—¿Qué… qué dijiste?—Alejandro se quedó inmóvil, el corazón golpeando como martillo.
—Que sí—repitió ella, alzando una ceja; la piel aún sonrosada—. ¿Cuántas veces vas a preguntarlo?
Le frunció la nariz divertida:
—¡Viejo verde!
El apelativo hizo que la sangre de Alejandro corriera aún más rápido. La abrazó con tanta fuerza que Luciana se quejó:
—No puedo respirar.
—Perdón—aflojó un poco, alarmado—. ¿Así está bien?
—Perfecto—respondió ella con un mohín satisfecho.
Él rozó sus labios con la yema de un dedo.
—¿Te ungiste miel hoy? Solo te salen cosas dulces…

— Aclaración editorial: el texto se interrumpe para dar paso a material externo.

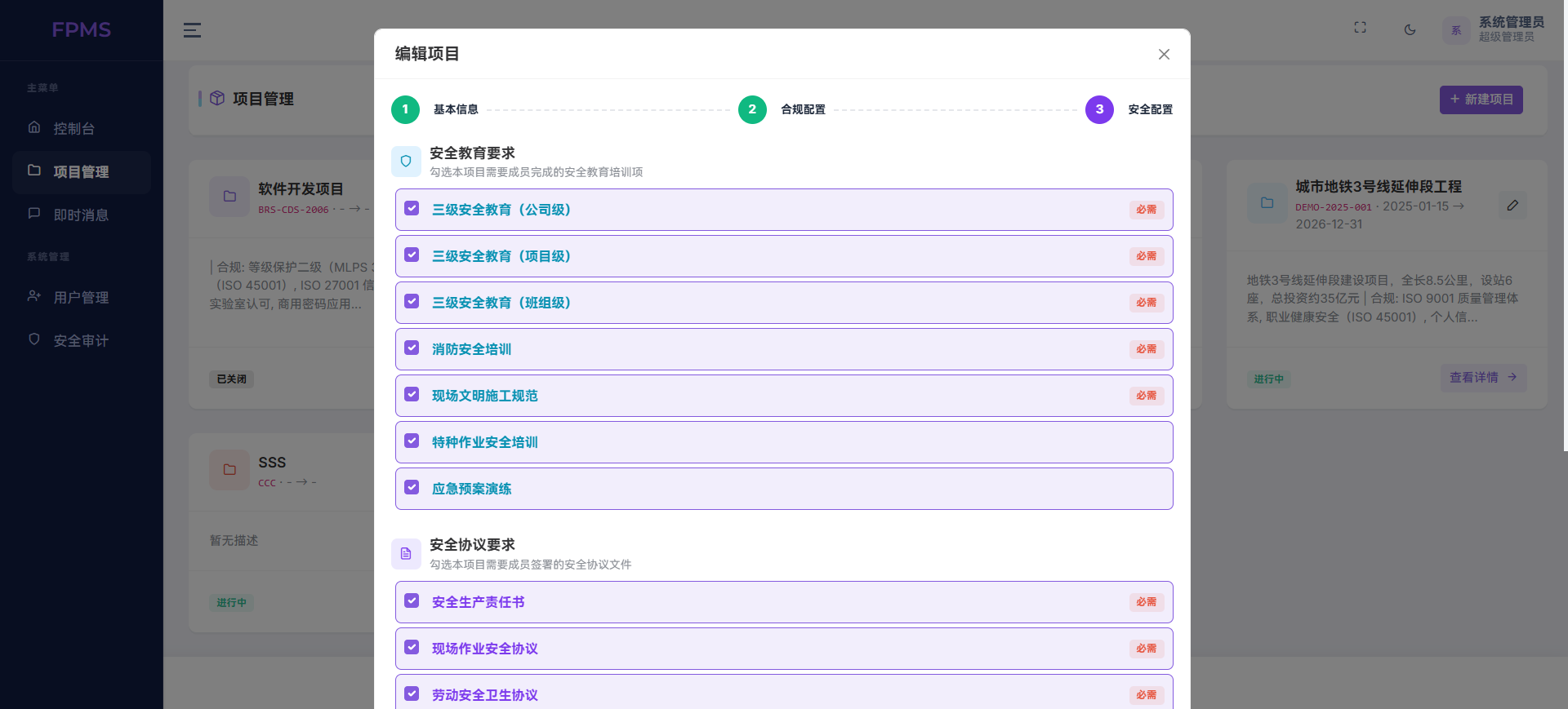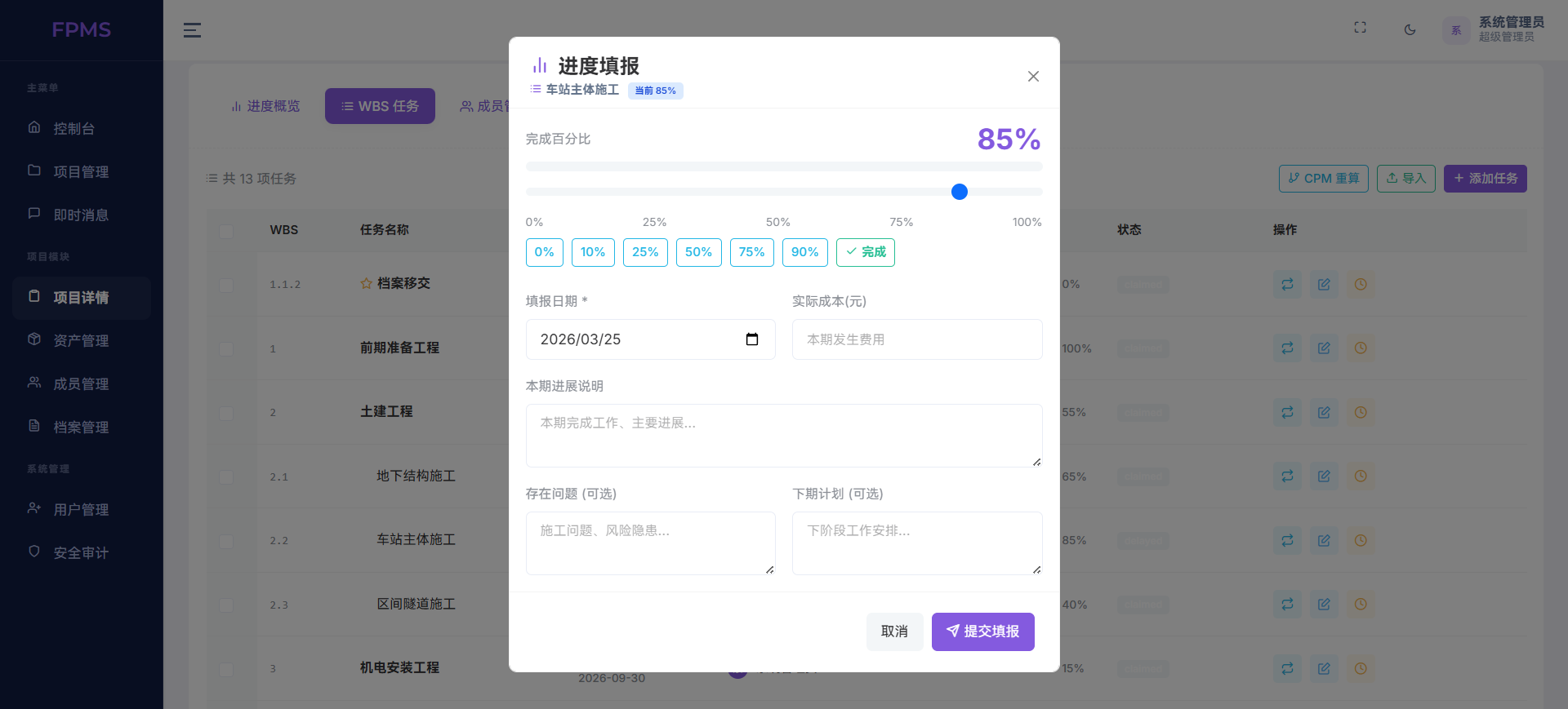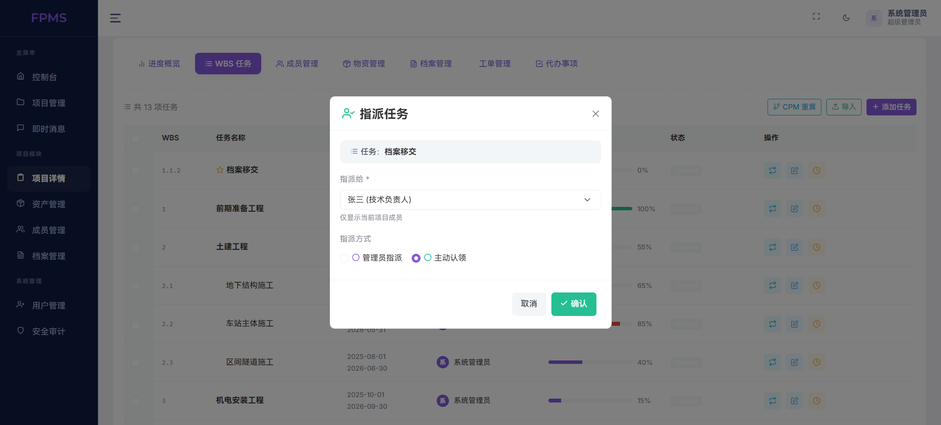 在项目管理模块,系统支持完整的项目创建、编辑与进度跟踪,可直接绑定等级保护、ISO体系、CNAS等合规标准,从源头满足工程与科技类项目的合规要求。通过WBS任务拆解、成员指派、进度状态更新,实现任务分层管理与实时同步,配合进度预警与逾期提醒,有效避免项目延期、责任不清等问题。

—¿Y ahora qué?—Luciana lo desafió—. Si digo algo feo, mal; si digo algo lindo, también te quejas.
—No me quejo—rió Alejandro, dándole pequeños besos por la cara como un gran cachorro pegajoso—. Es que estoy demasiado feliz.
Le sostuvo el rostro con ternura—. Si sigues así de dulce, voy a ser feliz toda la vida.
Sus ojos brillaban; era como si alguien hubiese salpicado color sobre el gris y, en un instante, su mirada se incendiara.